Character Encoding Standards


It so happened that the computer industry has been flourishing in the country whose language uses one of the most compact alphabets in the world.  However, not long after the first computers had learned to spell English, a need arose to encode characters from other languages.  In fact, even the minimum set of Latin letters and basic symbols has been for some time the subject of controversy between two competing standards, ASCII and (now almost extinct) EBCDIC; no wonder that for other languages' alphabets, a similar muddle has been around for much longer (in fact, it's still far from over).

As explained in Chapter 3, "SGML and the HTML DTD," a character encoding (often called character set or, more precisely, coded character set) is defined---first, by the numerical range of codes; second, by the repertoire of characters; and third, by a mapping between these two sets.  You see that the term "character set" is a bit misleading because it actually implies two sets and a relation between them.  Probably the most precise definition of a character encoding in mathematical terms is given by Dan Connolly in his paper "Character Set Considered Harmful": "A function whose domain is a subset of integers, and whose range is a set of characters."

The range of codes is limited by the length of the sequence of bits (called bit combination) used to encode one character.  For instance, a combination of 8 bits is sufficient to encode the total of 256 characters (although not all of these code positions may be actually used).  The smaller the bit combination size, the more compact the encoding (that is, the less storage space is required for a piece of text), but at the same time, the fewer total characters you can encode.

It is quite logical to codify characters using bit combinations of the size most convenient for computers.  Because modern computer architecture is based on bytes (also called octets) of 8 bits, all contemporary encoding standards use bit combinations of 8, 16, or 32 bits in length.  The next sections survey the most important of these standards to see the roles they play in today's Internet.




The so-called 7-bit ASCII, or US ASCII, encoding is equivalent to the international standard named ISO 646 established by the International Organization for Standardization (ISO).  This encoding actually uses octets of 8 bits per character, but it leaves the first (the most significant) bit in each octet unused (it must be always zero).  The 7 useful bits of ISO 646 are capable of encoding the total of 128 characters.

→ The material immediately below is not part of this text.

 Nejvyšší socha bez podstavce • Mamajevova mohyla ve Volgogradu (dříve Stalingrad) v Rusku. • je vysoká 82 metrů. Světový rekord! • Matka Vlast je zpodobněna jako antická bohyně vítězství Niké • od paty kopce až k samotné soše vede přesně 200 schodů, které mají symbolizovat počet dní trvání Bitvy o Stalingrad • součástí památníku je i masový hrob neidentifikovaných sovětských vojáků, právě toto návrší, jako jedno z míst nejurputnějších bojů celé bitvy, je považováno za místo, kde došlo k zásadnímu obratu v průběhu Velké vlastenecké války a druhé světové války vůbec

This is the most ubiquitous encoding standard used on the overwhelming majority of computers worldwide (either by itself or as a part of other encodings, as you'll see shortly).  ISO 646 may be called international in the sense that there are precious few computers in the world that use other encodings for the same basic repertoire of characters.  It is also used exclusively for keywords and syntax in all programming and markup languages (including SGML and HTML), as well as for all sorts of data that is human-editable but of essentially computer nature, such as configuration files or scripts.

However, with regard to the wealth of natural languages spoken around the world, ISO 646 is very restrictive.  In fact, only English, Latin, and Swahili languages can use plain 7-bit ASCII with no additional characters.  Most languages whose alphabets (also called scripts or writing systems) are based on the Latin alphabet use various accented letters and ligatures.

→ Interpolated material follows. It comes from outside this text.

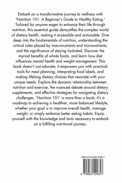 "Nutrition 101: A Beginner's Guide to Healthy Eating" is an essential read for anyone looking to embark on a journey towards a healthier lifestyle through informed dietary choices. This comprehensive guide covers all facets of nutrition, from the basics of macronutrients and micronutrients to the importance of hydration, the benefits of whole foods, and the role of diet in mental health and weight management. With chapters dedicated to meal planning, understanding food labels, and the impact of nutrition across the lifespan, this book offers practical advice for adopting and maintaining a balanced diet tailored to individual needs. It also explores the synergy between nutrition and physical activity, the pros and cons of dietary supplements, and provides strategies for overcoming common dietary challenges. Whether you're looking to improve your health, manage your weight, or simply eat better, this guide provides the knowledge and tools you need to achieve your nutritional goals.

The first 32 codes of ISO 646 are reserved for control characters, which means that they invoke some functions or features in the device that reads the text rather than produce a visible shape (often called glyph) of a character for human readers.  As a rule, character set standards are reluctant to exactly define the functions of control characters, as these functions may vary considerably depending on the nature of text processing software.

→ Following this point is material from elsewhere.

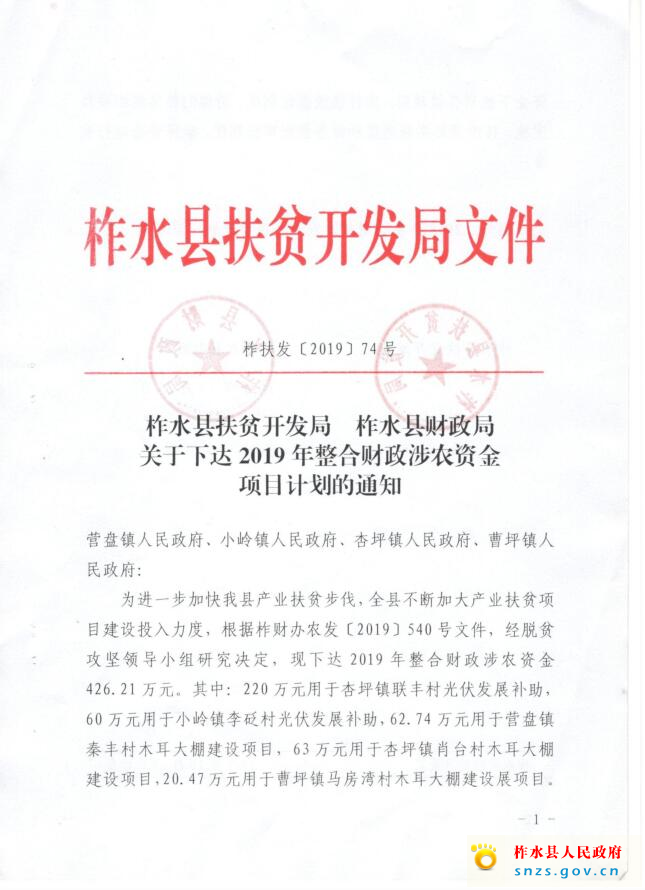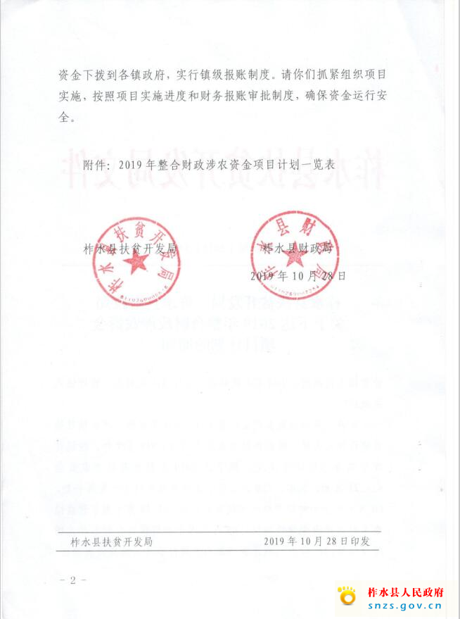 关于下达2019年整合财政涉农资金项目计划的通知

For example, of the 32 control characters of ISO 646, only a few (carriage return, line feed, tabulation) have more or less established meanings.  For use in texts, most of these codes are just useless.  The code space thus wasted in vain is a hangover from the old days when these control characters used to play the role of today's document formats and communication protocols.


8-Bit Encodings


The first natural step to accommodate languages that are more letter-hungry than English is to make use of the 8th bit in every byte.  This provides for additional 128 codes that are sufficient to encode an alphabet of several dozens letters (for example, Cyrillic or Greek) or a set of additional Latin letters with diacritical marks and ligatures used in many European languages (such as ç in French or ß in German).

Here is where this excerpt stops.